== Task statement ==
Using the data below, return word for word every line from the one holding "Prázdná pěnová vložka" down to the one holding "1、本关任务所需的雪堆,需要". Leave pictures out.

Start of Data for review

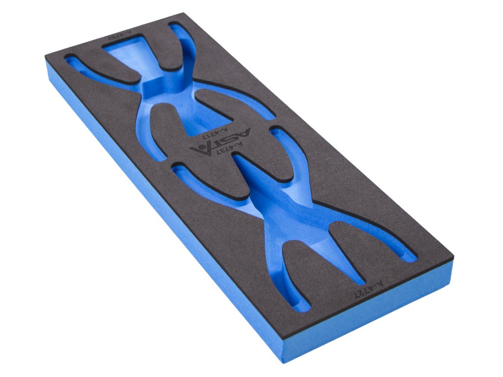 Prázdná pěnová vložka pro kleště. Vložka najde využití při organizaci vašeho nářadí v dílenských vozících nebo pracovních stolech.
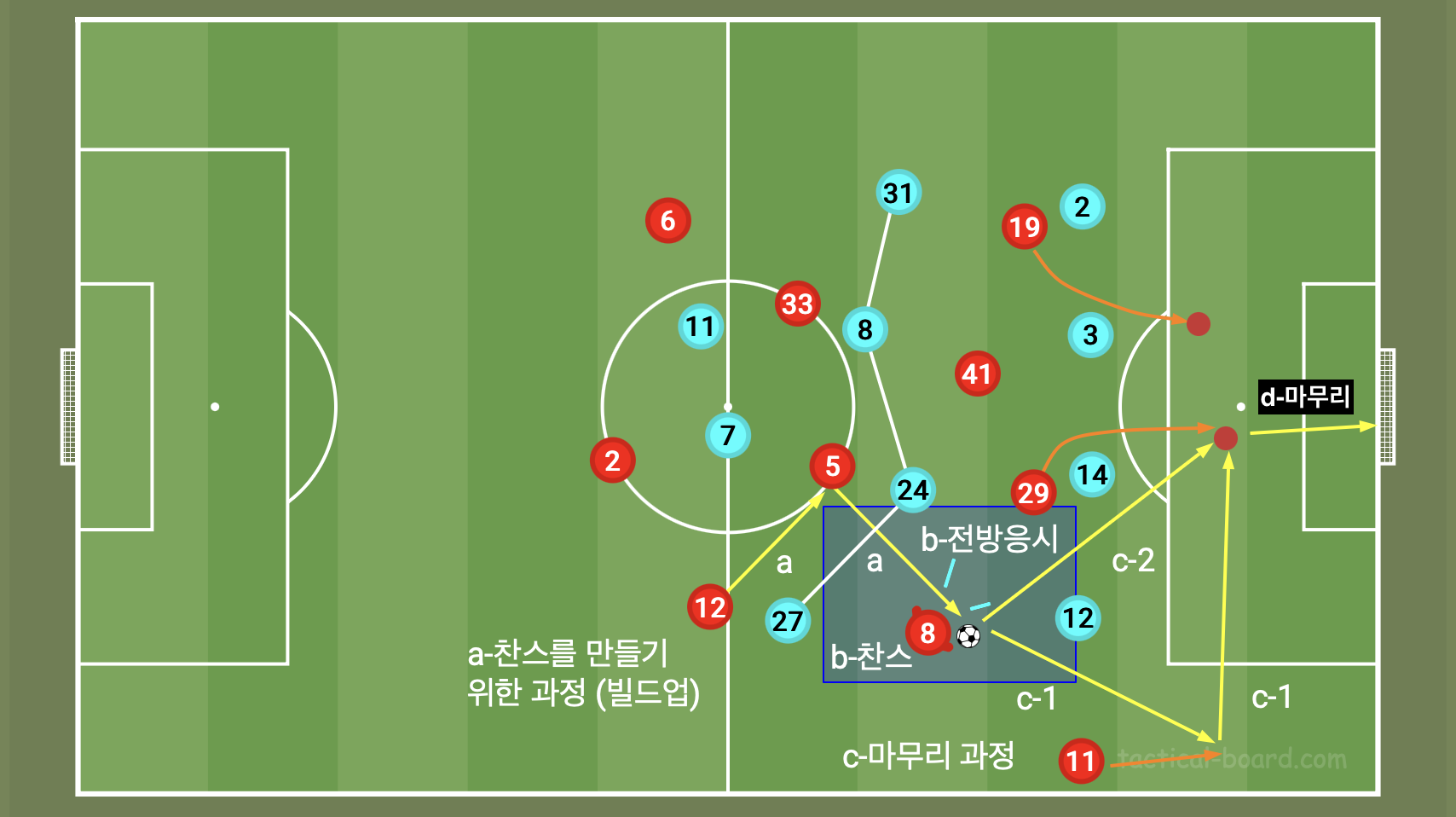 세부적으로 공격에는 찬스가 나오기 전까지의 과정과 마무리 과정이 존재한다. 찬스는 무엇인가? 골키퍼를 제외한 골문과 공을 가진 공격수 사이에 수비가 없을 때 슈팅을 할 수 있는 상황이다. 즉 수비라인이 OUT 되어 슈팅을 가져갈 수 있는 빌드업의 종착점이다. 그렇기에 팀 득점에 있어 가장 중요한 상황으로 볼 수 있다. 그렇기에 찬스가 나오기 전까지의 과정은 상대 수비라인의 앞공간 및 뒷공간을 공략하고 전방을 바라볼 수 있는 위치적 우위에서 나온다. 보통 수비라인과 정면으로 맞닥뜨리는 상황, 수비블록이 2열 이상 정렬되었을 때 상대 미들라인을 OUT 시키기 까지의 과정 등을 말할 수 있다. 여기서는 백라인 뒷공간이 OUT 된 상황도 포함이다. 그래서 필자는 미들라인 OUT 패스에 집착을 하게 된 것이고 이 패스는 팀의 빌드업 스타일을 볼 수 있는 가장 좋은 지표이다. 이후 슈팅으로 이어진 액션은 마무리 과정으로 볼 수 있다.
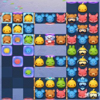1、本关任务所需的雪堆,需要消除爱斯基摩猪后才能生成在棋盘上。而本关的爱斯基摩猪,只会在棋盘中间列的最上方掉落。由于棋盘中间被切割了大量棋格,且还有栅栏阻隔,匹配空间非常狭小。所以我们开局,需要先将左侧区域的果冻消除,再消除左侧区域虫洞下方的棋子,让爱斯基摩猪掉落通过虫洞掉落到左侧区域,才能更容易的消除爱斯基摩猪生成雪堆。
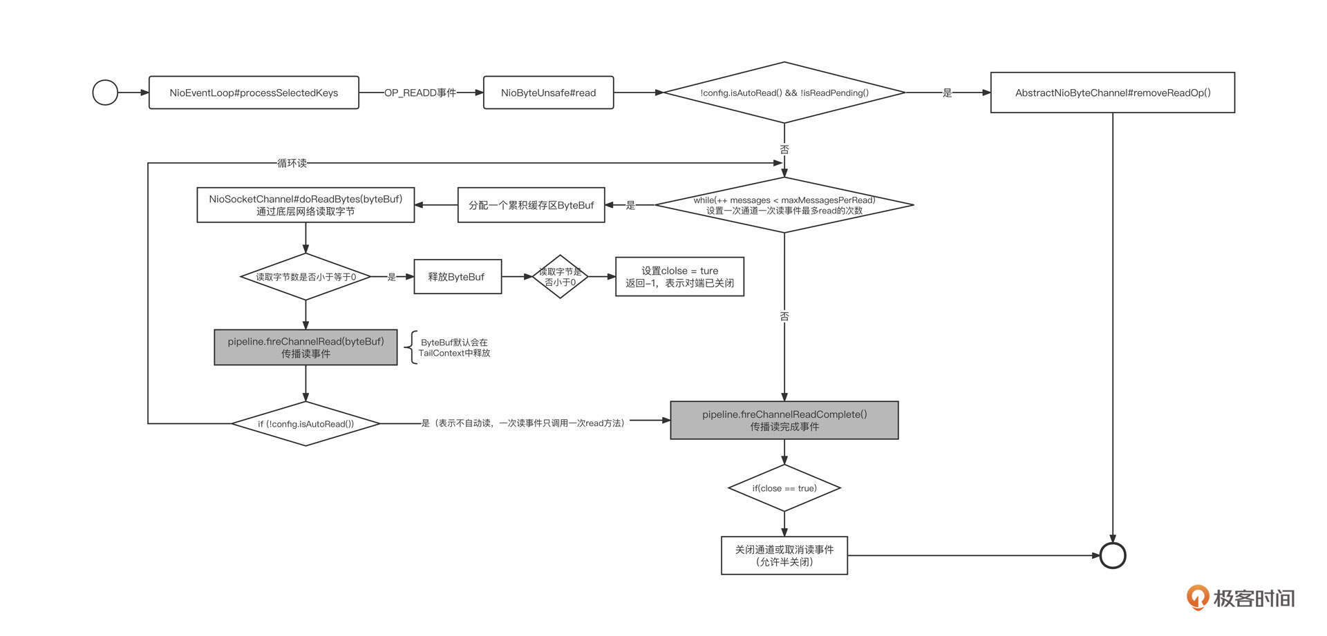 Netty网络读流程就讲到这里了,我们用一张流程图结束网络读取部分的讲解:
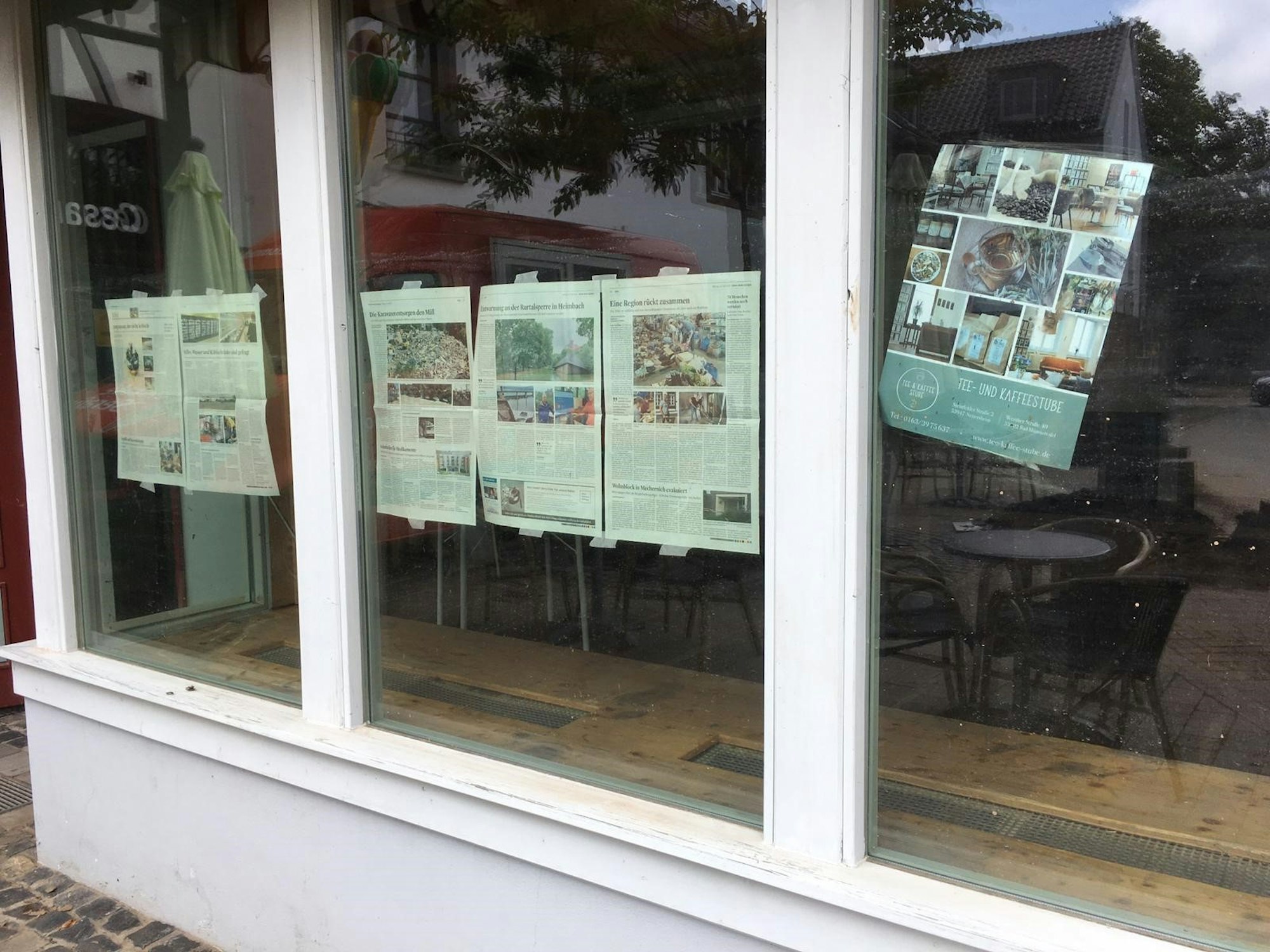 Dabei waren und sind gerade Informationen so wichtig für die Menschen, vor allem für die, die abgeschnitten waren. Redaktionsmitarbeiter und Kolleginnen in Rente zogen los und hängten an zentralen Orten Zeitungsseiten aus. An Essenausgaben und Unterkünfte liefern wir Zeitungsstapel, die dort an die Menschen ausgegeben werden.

End of Data for review
Start of Data for review

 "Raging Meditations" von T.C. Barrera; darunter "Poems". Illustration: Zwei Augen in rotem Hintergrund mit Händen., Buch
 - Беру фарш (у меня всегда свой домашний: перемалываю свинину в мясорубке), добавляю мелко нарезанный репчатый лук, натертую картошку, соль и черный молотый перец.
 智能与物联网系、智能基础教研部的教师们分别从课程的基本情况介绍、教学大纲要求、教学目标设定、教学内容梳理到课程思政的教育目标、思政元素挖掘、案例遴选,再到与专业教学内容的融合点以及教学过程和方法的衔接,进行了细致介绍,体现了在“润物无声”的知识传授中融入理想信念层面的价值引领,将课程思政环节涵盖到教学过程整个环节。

End of Data for review

== Solution ==
 Prázdná pěnová vložka pro kleště. Vložka najde využití při organizaci vašeho nářadí v dílenských vozících nebo pracovních stolech.
 세부적으로 공격에는 찬스가 나오기 전까지의 과정과 마무리 과정이 존재한다. 찬스는 무엇인가? 골키퍼를 제외한 골문과 공을 가진 공격수 사이에 수비가 없을 때 슈팅을 할 수 있는 상황이다. 즉 수비라인이 OUT 되어 슈팅을 가져갈 수 있는 빌드업의 종착점이다. 그렇기에 팀 득점에 있어 가장 중요한 상황으로 볼 수 있다. 그렇기에 찬스가 나오기 전까지의 과정은 상대 수비라인의 앞공간 및 뒷공간을 공략하고 전방을 바라볼 수 있는 위치적 우위에서 나온다. 보통 수비라인과 정면으로 맞닥뜨리는 상황, 수비블록이 2열 이상 정렬되었을 때 상대 미들라인을 OUT 시키기 까지의 과정 등을 말할 수 있다. 여기서는 백라인 뒷공간이 OUT 된 상황도 포함이다. 그래서 필자는 미들라인 OUT 패스에 집착을 하게 된 것이고 이 패스는 팀의 빌드업 스타일을 볼 수 있는 가장 좋은 지표이다. 이후 슈팅으로 이어진 액션은 마무리 과정으로 볼 수 있다.
1、本关任务所需的雪堆,需要消除爱斯基摩猪后才能生成在棋盘上。而本关的爱斯基摩猪,只会在棋盘中间列的最上方掉落。由于棋盘中间被切割了大量棋格,且还有栅栏阻隔,匹配空间非常狭小。所以我们开局,需要先将左侧区域的果冻消除,再消除左侧区域虫洞下方的棋子,让爱斯基摩猪掉落通过虫洞掉落到左侧区域,才能更容易的消除爱斯基摩猪生成雪堆。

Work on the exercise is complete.